那个女人看到了女朋友剧本已经完成的初稿。
(人物:智者与少女。)
[少]我终于见到您了。
[智]是啊,尽管我一直在躲避你。你声名远扬,却既非美名,也非恶名;后来人们对你讳莫如深。
[少]您为什么要躲避我?
[智]……
[少]算了,那已经不再重要。我苦苦寻觅这么久,所渴求的答案不是这个。
[智]我知道你的问题。
[少]那……
[智]你能证明蝴蝶是正确的吗?
[少]您能证明蝴蝶是错误的吗?
[智]我们能有今天,全部仰仗“蝴蝶是错误的”这个信仰。
[少]那只是因为我们从未见过一个认可蝴蝶的世界。

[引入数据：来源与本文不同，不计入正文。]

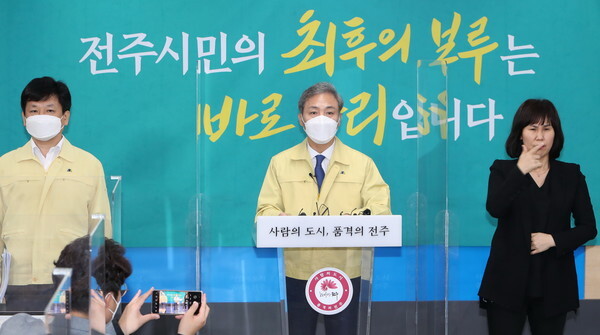 김승수 전주시장은 25일 시청 브리핑룸에서 긴급 브리핑을 열고 “강력한 방역조치에도 불구하고 최근 코로나19의 확산세가 급증하는 추세”라며 “지금 당장 확산세를 막지 못하면 더 큰 피해로 이어질 것이 분명한 상황인 만큼 오는 27일 0시부터 2주 동안 사회적 거리두기를 4단계로 격상한다”고 밝혔다.

这是可恨的说辞:因为并没有一个那样的世界作对照。除非我们创造一个那样的世界。
[智]不可能。
[少]为什么不可能?我们从空无一物的太空中诞生,这样的事情都发生了;我们的文明延续至今,这样的事情也发生了。为什么不可能?
[智]万一蝴蝶真的是错误的——
[少]您看,您也在假设蝴蝶是错误的了。
万一蝴蝶是正确的,那么我们所做的屠戮那些蝴蝶的生命难道不是错误的吗?
难道我们不该做出尝试吗?
[智](充耳不闻)那么只要我们做出那样的尝试,世界就毁灭了。你来承担葬送一个世界的丰饶,这样的责任吗?
[少]我愿意。
[智]你不配。
[少]我不认为。
[智]这件事根本行不通,而且这仅仅是你一个人的追求。
[少]我早已放弃改变的尝试了;我只是想问您,坚称蝴蝶是谬误的依据,到底有没有一条能够说服我。
[智]是你自己固执地不肯相信的。
[少]因为它们都全然没有道理。
[智]道理是什么?你说了算吗?
(长久的沉默。)
[少]是啊,或许我真的是盲目的,或许我的一生就是个错误,如同蝴蝶真的是谬误一样。或许我一生都拒绝相信真理。这样的想法,在无数个夜晚折磨过我,它是毒蛇的利齿。如果我抽身离开,不去想这个问题,做一些真正有意义的事情,或许我的一生还不至于沦为谬误。
[智]那你为什么不这样呢?
[少](微微一笑)那样,我就不是我了呀。这样的说法您相信吗?
[智]半信半疑。
[少]也可以说醒来了之后就再也睡不着吧。不管怎样,我冒着荒废一生的风险寻求答案。
[智]很遗憾:我这里没有答案。
[少]是吗。
[智]你看上去并不失落。
[少]事到如今我已承受过太多——无论什么都承受过太多了。
[智]那你今后的打算是什么?
[少](笑)我将住进一口四方的小小的屋子,那里既没有忧愁也没有哀伤。我安居之后就再也不会出来了。
[智]我代表世界感谢你的选择。
[少]您不配。
(落幕。)
(幕布重新升起时,什么场景布置都不剩下;只有少女和已经不能称作孩子的孩子两个人。孩子从少女身后用双手抱着她的腰身从而禁锢住她。)
[孩]你说过你喜欢让人揽着你的腰。
[少]我是说过。
[孩]你如今只剩下我了。
[少]你又不是我的。
[孩]那你是我的怎么样?
[少]非得决出一个谁是谁的吗?
[孩]不是非如此不可。然而你待在我身边,这倒是非如此不可。
[少]这口吃人的沼泽,我能如何……
[孩]你失败了:从一开始。从这场戏的最初——终将找不到任何答案,还会成为被世界抛弃的,驱逐的流放者。
[少]可是我从来没有后悔过。
[孩]你难道不应该感激涕零吗?只有我愿意接受你了。
[少]我不需要。
(孩子封住了她的口。)
[孩]从今以后你唯一的任务就是取悦我。我知道你并不情愿,然而你没得选。你应该庆幸,在你这荒诞的一生中,所追求的全部都是一些无关痛痒的小事,而就连这种小事,最终也成了泡影,就在这荒诞的一生中还有我——
我爱你。
现在这场闹剧以这样可喜的结尾收场了。落幕吧。